--- START ---

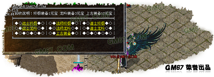 【装备合成】当你累计了一定数量的装备后可合成 更高一级的装备.比如2只(雷霆战戒)可以合成(雷霆战戒①).合到第十次为(雷霆战戒<终极>终极).第十一次为(龙吟装).这种玩法可以让你玩上一两年也不会烦腻.装备好爆.练级容易.
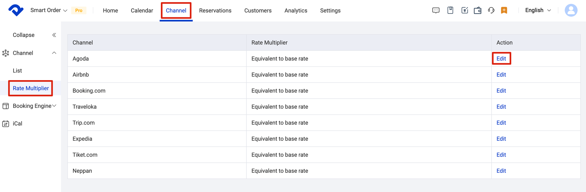 The Rate Multiplier in the Smart Order PMS is channel-specific. For instance, you can offer a 5% discount from your base rate exclusively for Booking.com without applying it to other OTAs. To achieve this, you would set a -5% adjustment for each room type in the Rate Multiplier section of the Booking.com channel.
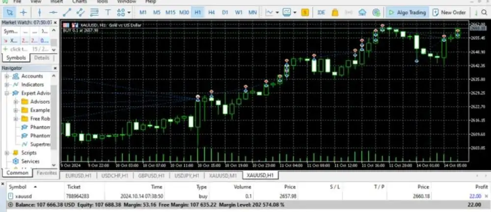 Phantom X MT5 is a precision-engineered Expert Advisor (EA) designed for traders who want to automate their strategies on the powerful MetaTrader 5 (MT5) platform. Built with efficiency and adaptability in mind, Phantom X MT5 excels in trading XAUUSD (Gold) and major currency pairs such as EURUSD, GBPUSD, and USDJPY—making it a solid tool for serious traders.
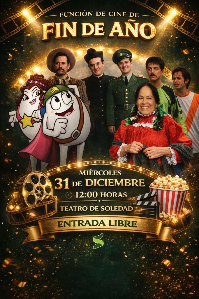 El Ayuntamiento de Soledad de Graciano Sánchez, a través de la Dirección de Cultura y Turismo, invita a las familias soledenses a despedir el año con una función especial de cine gratuito este miércoles 31 de diciembre, en el Teatro y Centro Cultural «Doroteo Arango», donde a partir de las 12:00 del día se proyectará un ciclo de películas emblemáticas para disfrutar en familia y fortalecer la convivencia, atendiendo a la encomienda del Alcalde Juan Manuel Navarro Muñiz de acercar la cultura a la población.

--- END ---

▸ **WHAT THE TASK ASKS**
Reproduce only the lines from the beginning of the data through the line that contains "The Rate Multiplier in", both included, and please drop the pictures.

▸ **THE ANSWER**
 【装备合成】当你累计了一定数量的装备后可合成 更高一级的装备.比如2只(雷霆战戒)可以合成(雷霆战戒①).合到第十次为(雷霆战戒<终极>终极).第十一次为(龙吟装).这种玩法可以让你玩上一两年也不会烦腻.装备好爆.练级容易.
 The Rate Multiplier in the Smart Order PMS is channel-specific. For instance, you can offer a 5% discount from your base rate exclusively for Booking.com without applying it to other OTAs. To achieve this, you would set a -5% adjustment for each room type in the Rate Multiplier section of the Booking.com channel.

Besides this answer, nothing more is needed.